Il hésita. Mais avant qu'il ne puisse s'exprimer, elle le contra, de sa voix tranquille tandis qu'elle notait encore, encore et encore :

-Vous avez encore beaucoup perdu ces derniers temps, Thomas, vous avez raison de le souligner. Suivez-vous votre routine ? Celle que le docteur Dahiell vous a préparée.

Il déglutit.

-O...oui...

Un peu. Parfois.

-Le code couleur vous aide-t-il mieux ? Nous avons fait au mieux, mais n'hésitez pas à dire s'il faut procéder à des modifications, d'accord ? C'est pour votre confort.

Thomas hocha lentement la tête.

-Je le sais..., souffla-t-il. Mon ami en a une copie, il...Il m'aide beaucoup.

Il ne rata pas, en levant les yeux sur elle, le petit sourire curieux qui se dessinait sur le visage de la femme. Il secoua la tête aussitôt.

-Non, dit-il. Non, non. Pas ce genre d'ami. Sofian est mon collègue et mon ami. Il ne sera pas plus.

-Oh. Je vois. Sait-il pour... ?

Elle le désigna, de façon un peu générale, l'englobant lui et tout ce qui le composait.

-Il sait.

Thomas se redressa un peu sur le fauteuil, tentant de se reprendre dans sa tendance à s'avachir au fil des minutes tandis que la discussion lui semblait interminable. Il voulait partir, il voulait rentrer. Il avait besoin de calme, de se retrouver seul avec lui-même. De préférence avec quelque chose de rassurant, qui lui ferait oublier les dernières heures, les dernières semaines, les mois, les années.

Mais chez lui, il n'y avait rien.

-Il sait pour les crises, reprit-il encore. Le traitement, aussi.

-Sait-il pour ce que vous avez traversé avant ?

-On en a un peu parlé.

Il rit, malgré lui.

-Mais je suppose que c'est une chose d'en parler, une autre d'en être témoin...

A cela, elle répondit à son rire.

-Lui montreriez-vous, si vous en aviez l'occasion ?

Son rire se transforma en un ricanement. La question n'avait plus rien d'amusant.

-Non.

Sa voix fut plus sèche qu'il ne l'avait prévu, mais elle ne lui en tint pas rigueur. Imperméable à la mauvaise humeur qu'elle déclenchait chez son vis-à-vis, elle baissa les yeux sur sa feuille, pinçant la bouche dans cette expression concentrée qu'elle avait parfois.

-Vous savez, Thomas, il n'y a rien de honteux, dans votre parcours, dit-elle. Vous avez même accompli quelque chose d'admirable.

Il grimaça, mais elle ne lui laissa pas le loisir de répliquer.

-Je sais que de ma part, cela ne signifiera pas grand-chose pour vous. Mais je vous rappelle que peu de gens parviennent à sortir d'une obésité morbide comme vous l'avez fait. Et regardez où vous en êtes ! Nous savons tous deux que les troubles alimentaires que vous avez ne disparaitront jamais, mais vous apprenez à vivre avec, malgré tout...

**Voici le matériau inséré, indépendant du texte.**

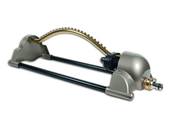 Trwały zraszacz prostokątny. Mosiężne dysze. Regulowana szerokość nawadniania. Nawadniania powierzchnia 16m x 12m (ok. 190m²).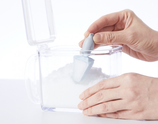 容器の側面ですりきりしやすいフラット形状なので、簡単にきっちり計量できます。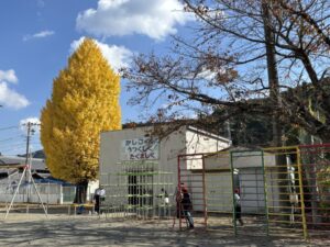 秋の景色ですね。校庭のイチョウは黄色く色づいて葉を落とし始めました。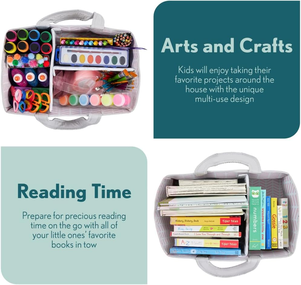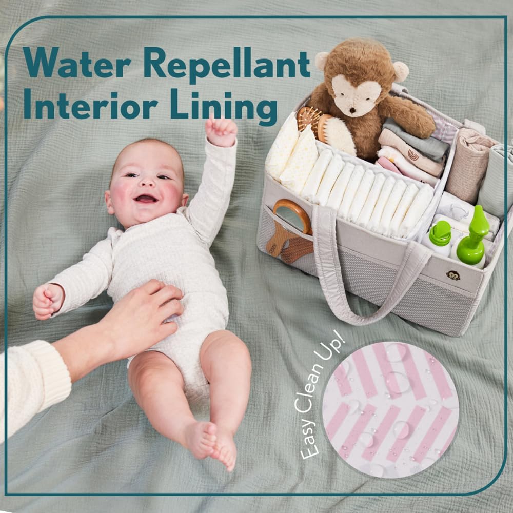 PORTABLE AND EASY TO CARRY: effortlessly carry all baby essentials from room to room with oversized and comfortable handles; perfect for busy parents on the move; maximize space with caddy’s foldable design; ideal for neat storage when not in use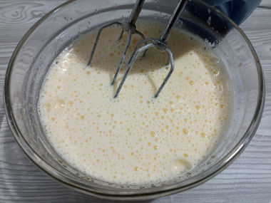 Яйца вбейте в другую миску, объемом побольше. Взбейте их с сахаром до светлой и пышной массы.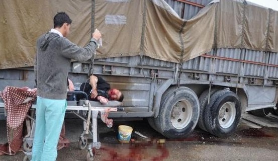 Οι φωτογραφίες που έχουν αναρτήσει οι Κούρδοι στο Twitter δείχνουν έναν Κούρδο πρόσφυγα από την Κομπάνι που τον πυροβόλησε ο τουρκικός στρατός στα σύνορα.
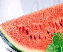 西瓜性寒,味甘,归心、胃、膀胱经;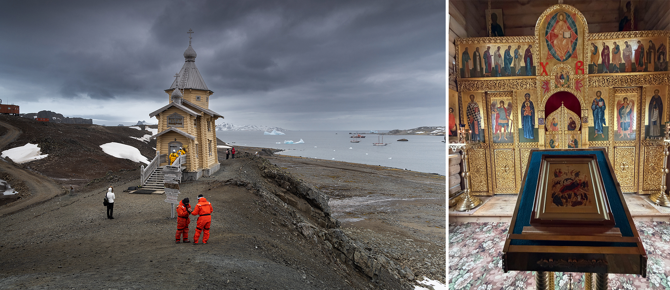 Na miejscu nasze grupy zostały podzielone na dwa jachty: Elsi i Tolkien. Bagaże są rozdzielane już na lotnisku w Punta Arenas, gdzie te, które pojadą na Elsi zostają oznaczone kolorowymi etykietami, dzięki czemu łatwo je później przydzielić na odpowiedni jacht. Generalnie tego pierwszego dnia w Bellingshausen mieliśmy kilka godzin przestoju, który wynika z potrzeby przewiezienia bagażu na jacht i ogarnięcia jakichś innych spraw organizacyjnych. W tym czasie odwiedziliśmy rosyjską Cerkiew Świętej Trójcy, która góruje nad stacją badawczą na niewielkim wzgórzu i pooglądaliśmy pingwiny skaczące do wody z dryfujących przy brzegu gór lodowych. Poznajemy też członków naszej załogi na Elsi: Kapitana Andrieja, przewodniczkę Marinę (prywatnie żonę kapitana), first mate Aleksieja, Kucharza Borisa i jeszcze dwóch facetów, których imion nie pamiętam. Okazuje się, że wszyscy są Rosjanami. Daniel Kordan jest Rosjaninem, to wiedzieliśmy, ale na miejscu okazało się, że organizuje wyjazd ze swoją załogą, która w całości składa się z Rosjan.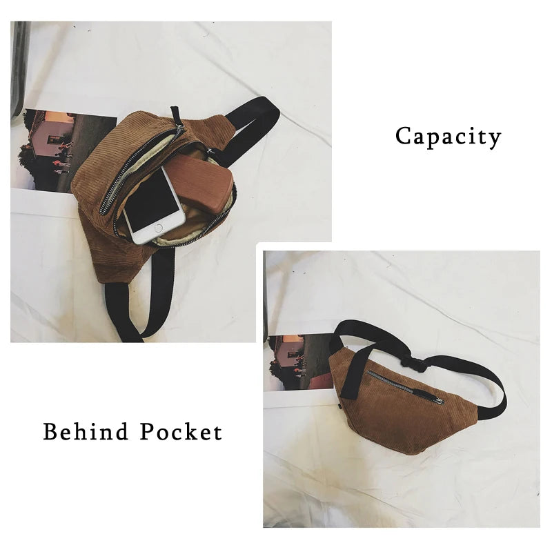 Stay organized and stylish with this women's waist bag made of durable corduroy and canvas materials. Perfect for carrying money, phone, and other essentials.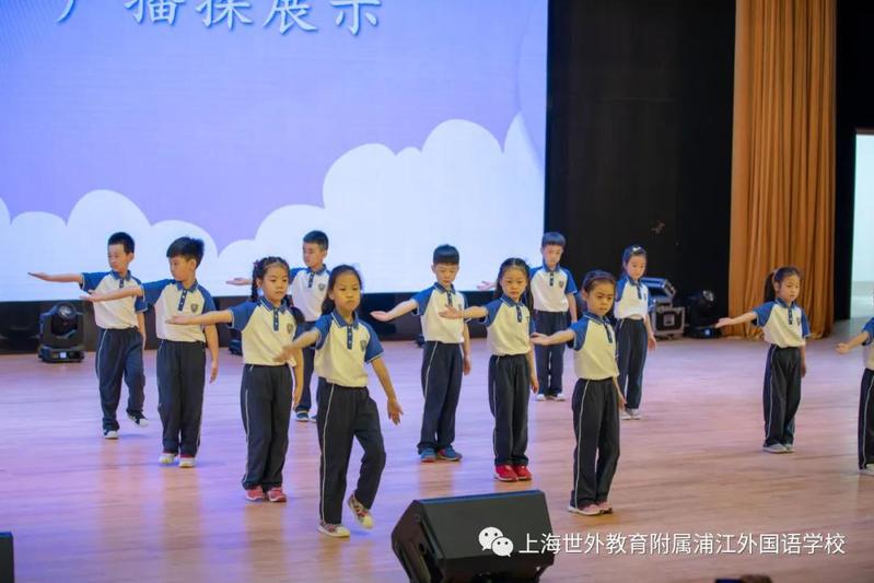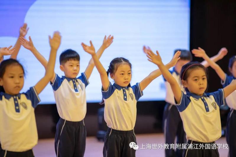 作为刚入学的一年级新生代表,在舞台上齐整、自信地展示第三套广播体操《希望风帆》的时候,我们似乎看到了世外浦江“芬雅”学子的红日初升。

Elle soupira doucement. La gorge nouée, incapable du moindre mot, il se contentait d'écouter. Il avait le souffle court. Il étouffait, dans son tee-shirt, dans sa veste, dans son pantalon un peu grand. Ses mains serrées sur ses genoux étaient moites.

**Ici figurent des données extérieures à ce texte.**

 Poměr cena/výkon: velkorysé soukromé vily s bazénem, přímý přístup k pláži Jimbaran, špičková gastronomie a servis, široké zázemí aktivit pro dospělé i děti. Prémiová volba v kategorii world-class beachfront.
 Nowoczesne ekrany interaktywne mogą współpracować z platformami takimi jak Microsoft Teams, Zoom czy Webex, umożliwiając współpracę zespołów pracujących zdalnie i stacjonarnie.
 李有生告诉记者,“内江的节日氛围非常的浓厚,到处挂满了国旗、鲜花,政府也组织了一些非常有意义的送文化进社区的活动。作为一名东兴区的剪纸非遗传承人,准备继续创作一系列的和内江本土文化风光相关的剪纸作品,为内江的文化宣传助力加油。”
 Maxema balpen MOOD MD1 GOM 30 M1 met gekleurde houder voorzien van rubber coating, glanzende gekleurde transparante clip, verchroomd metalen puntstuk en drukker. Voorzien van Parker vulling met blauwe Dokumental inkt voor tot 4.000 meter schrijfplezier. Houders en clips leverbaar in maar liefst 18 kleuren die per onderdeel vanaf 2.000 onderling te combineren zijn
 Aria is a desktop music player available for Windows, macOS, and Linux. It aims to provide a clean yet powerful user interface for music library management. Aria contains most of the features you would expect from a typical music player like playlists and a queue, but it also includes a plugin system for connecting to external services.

-L'année dernière a été un coup de trop pour vous. Ce n'est pas une faiblesse que d'avoir lâché prise, Thomas. Parfois, c'est nécessaire. Vos idées noires sont encore là, je suis obligée de revenir sur ma décision de diminuer votre traitement, surtout en cette période. Mais que ce ne soit pas un échec : vous êtes un battant et vous pouvez être fier de vous, pour en être là aujourd'hui.